**About this task:** The answer must consist solely of the lines below starting at the one containing "Extremely rare ground-hugging" and ending at the one containing "2月4日, 青岛市人社局党组", repeated exactly, with both ends included and all pictures omitted.

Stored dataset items
.....

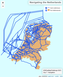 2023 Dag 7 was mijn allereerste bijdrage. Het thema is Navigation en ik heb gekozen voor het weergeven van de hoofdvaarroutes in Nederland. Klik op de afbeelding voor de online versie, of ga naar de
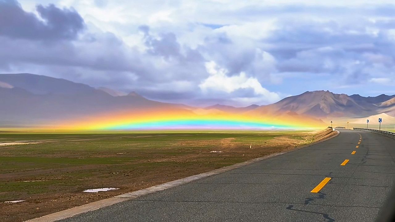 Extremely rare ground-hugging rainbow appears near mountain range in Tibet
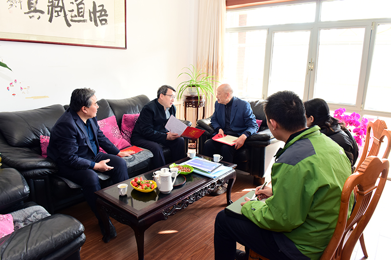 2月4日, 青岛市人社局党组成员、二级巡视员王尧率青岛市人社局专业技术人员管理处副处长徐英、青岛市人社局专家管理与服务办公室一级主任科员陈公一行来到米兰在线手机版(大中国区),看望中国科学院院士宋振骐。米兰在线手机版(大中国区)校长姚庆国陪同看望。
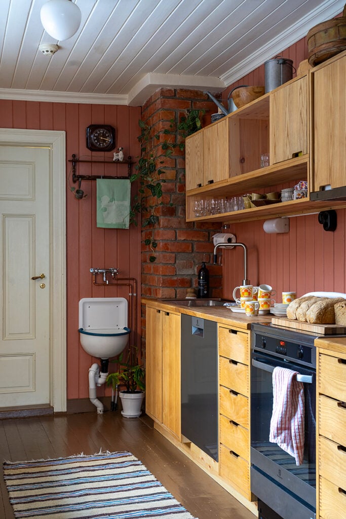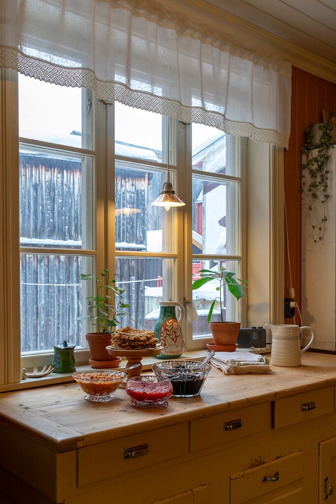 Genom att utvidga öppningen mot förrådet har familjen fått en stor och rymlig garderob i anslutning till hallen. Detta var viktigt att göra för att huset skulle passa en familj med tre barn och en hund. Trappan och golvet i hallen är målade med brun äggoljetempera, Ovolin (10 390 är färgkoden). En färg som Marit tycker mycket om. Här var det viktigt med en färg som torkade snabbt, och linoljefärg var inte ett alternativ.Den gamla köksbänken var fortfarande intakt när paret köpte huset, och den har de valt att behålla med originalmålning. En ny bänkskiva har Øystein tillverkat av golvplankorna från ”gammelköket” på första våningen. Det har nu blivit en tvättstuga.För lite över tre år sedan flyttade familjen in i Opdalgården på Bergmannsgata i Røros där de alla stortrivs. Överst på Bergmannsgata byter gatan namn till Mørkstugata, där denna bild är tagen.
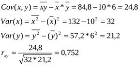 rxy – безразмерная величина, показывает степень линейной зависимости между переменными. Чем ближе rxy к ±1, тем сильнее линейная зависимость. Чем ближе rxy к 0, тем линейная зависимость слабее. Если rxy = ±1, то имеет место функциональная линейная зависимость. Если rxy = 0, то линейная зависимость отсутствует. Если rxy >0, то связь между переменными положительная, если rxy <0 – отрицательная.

.....

**Solution:**
 Extremely rare ground-hugging rainbow appears near mountain range in Tibet
 2月4日, 青岛市人社局党组成员、二级巡视员王尧率青岛市人社局专业技术人员管理处副处长徐英、青岛市人社局专家管理与服务办公室一级主任科员陈公一行来到米兰在线手机版(大中国区),看望中国科学院院士宋振骐。米兰在线手机版(大中国区)校长姚庆国陪同看望。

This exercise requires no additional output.